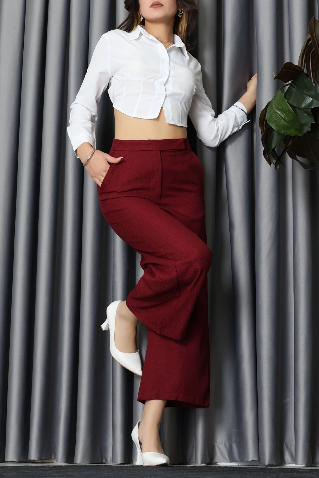 Buzzy Kumaş Korsajlı Palazzo Pantolon Gri - 51229.1567.
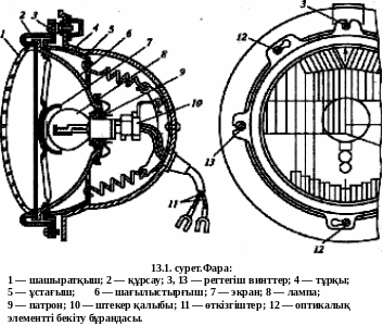2. Автомобильдерде қолданылатын фаралардың, астыңғы ффаралардың, артқы фонарьлардың құрылысын түсіндіріңіз?
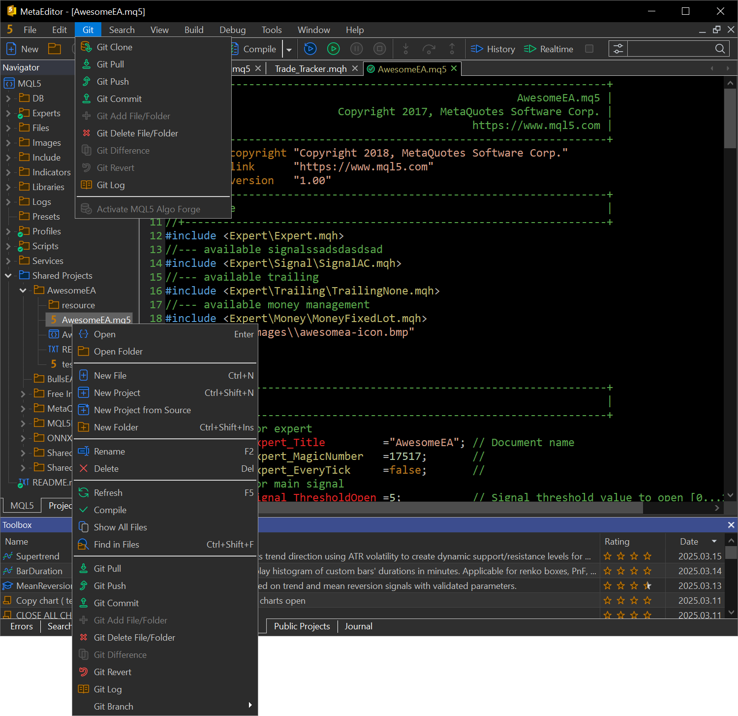 为了提高 Git 的可用性,我们重新设计了导航器和活动代码编辑窗口。我们还在 MetaEditor 工具栏上引入了一个专用的 Git 菜单:
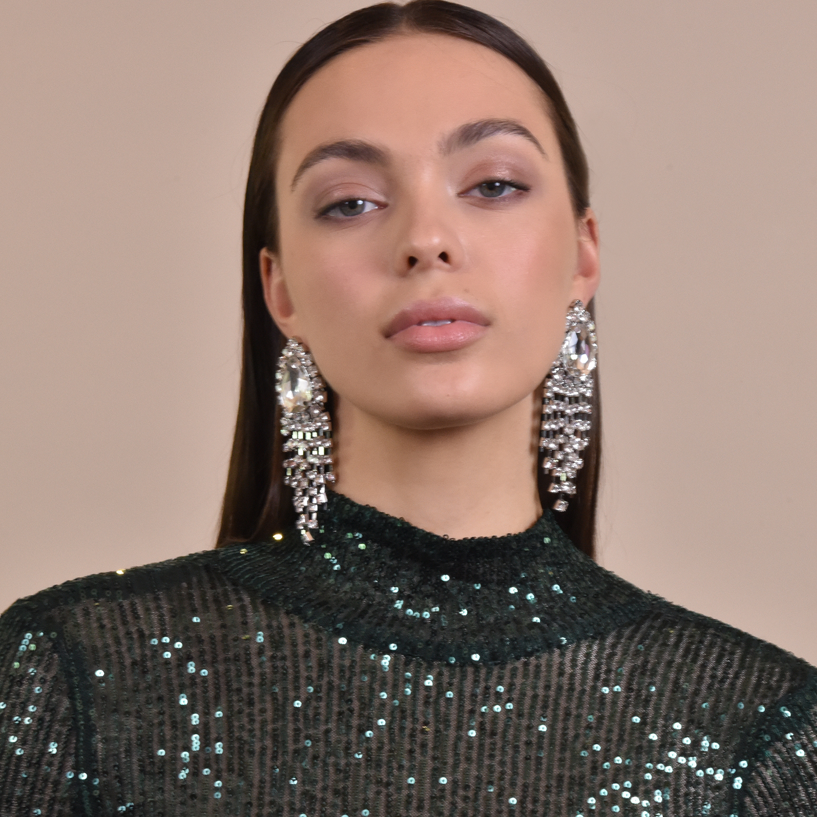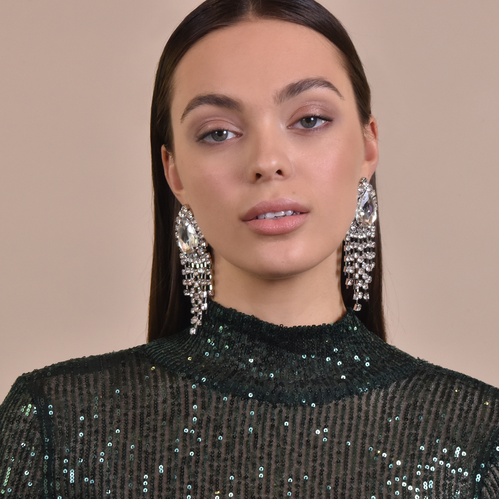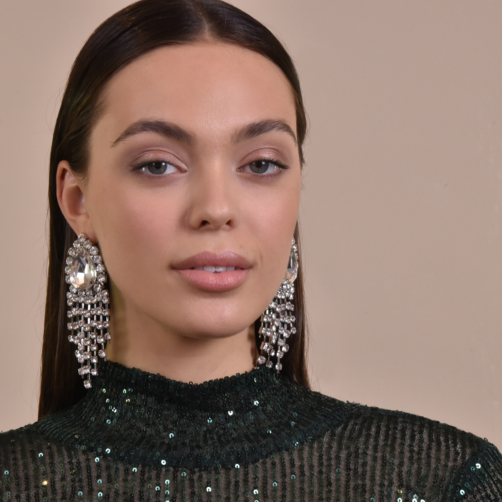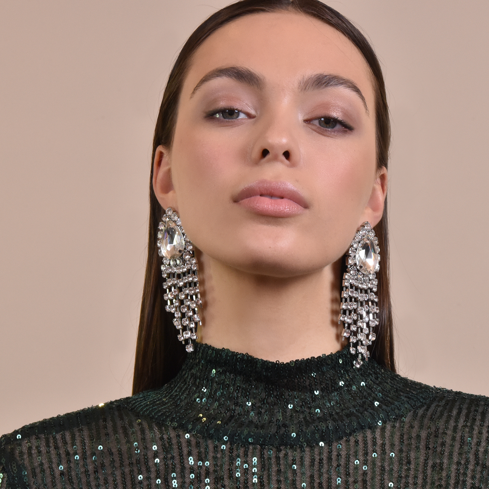 Be bold and italic and never regular! Rayne Crystal Diamante Earrings Silver are another iconic rhinestone design speaking of high fashion. This design features eye-catching diamante studs with shimmering crystal-encrusted diamante tassel strings, allowing you to express your femininity in a bold and elegant way. This design is crafted in environmentally friendly stainless steel (nickel free) with silver plated metal strings. Perfect for formal, semi-formal, dressy, racing, fashion events and more. Available for both pierced and non-pierced ears and available in gold.

• [WORK INSTRUCTIONS]: Once the pictures are set aside, repeat the remaining data word for word.

• [TASK SOLUTION]:
 Buzzy Kumaş Korsajlı Palazzo Pantolon Gri - 51229.1567.
2. Автомобильдерде қолданылатын фаралардың, астыңғы ффаралардың, артқы фонарьлардың құрылысын түсіндіріңіз?
 为了提高 Git 的可用性,我们重新设计了导航器和活动代码编辑窗口。我们还在 MetaEditor 工具栏上引入了一个专用的 Git 菜单:
 Be bold and italic and never regular! Rayne Crystal Diamante Earrings Silver are another iconic rhinestone design speaking of high fashion. This design features eye-catching diamante studs with shimmering crystal-encrusted diamante tassel strings, allowing you to express your femininity in a bold and elegant way. This design is crafted in environmentally friendly stainless steel (nickel free) with silver plated metal strings. Perfect for formal, semi-formal, dressy, racing, fashion events and more. Available for both pierced and non-pierced ears and available in gold.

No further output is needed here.